**Task description**
Look for "українців" in every line of the listing. Copy the lines that have it.
....................
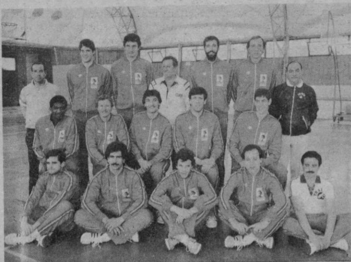
Selección Nacional por la que pasaron muchos de los jugadores que vendrán a Segovia
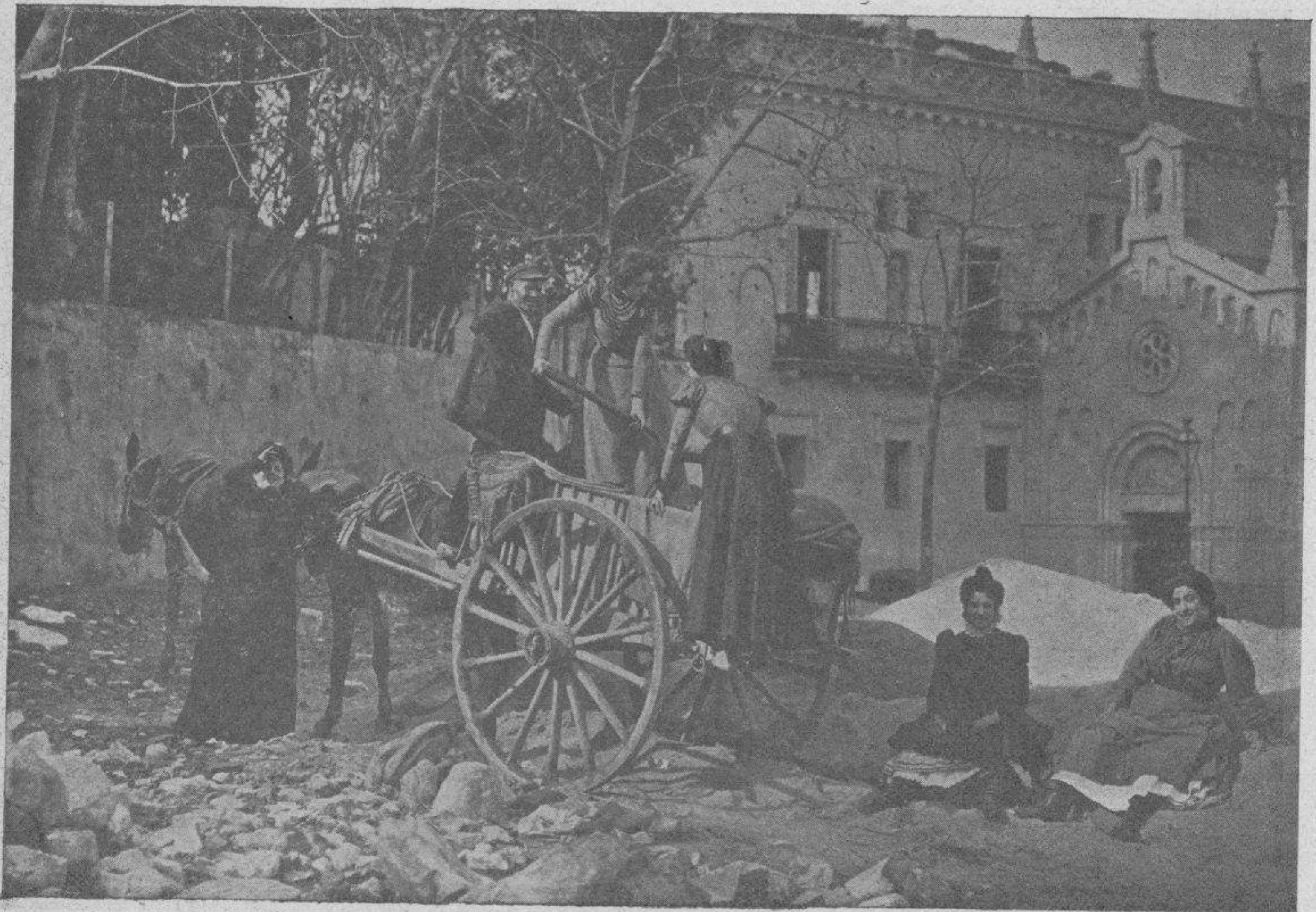
Mira tú si servimos, que te hacemos las faenas mismitas que hace el hombre.

—Pero yo la amaba, no vivía más que para ella y empecé á enfermar de la rabia y los celos que me produjo su negativa. Pensé emprender un viaje con
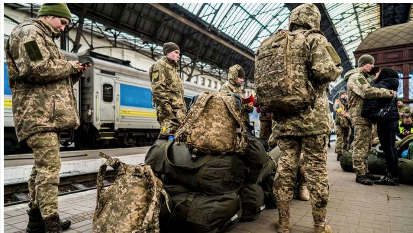
Що кажуть військові щодо заборони мобілізації українців до 25 років

9 жовтня Верховна Рада остаточно заборонила мобілізацію українців до 25 років. Втім, військові мають іншу думку. Ба більше, дехто вважає, що мобілізаційний вік в Україні повинен починатися з 18 років.
....................
**Result for this exercise**
Що кажуть військові щодо заборони мобілізації українців до 25 років
9 жовтня Верховна Рада остаточно заборонила мобілізацію українців до 25 років. Втім, військові мають іншу думку. Ба більше, дехто вважає, що мобілізаційний вік в Україні повинен починатися з 18 років.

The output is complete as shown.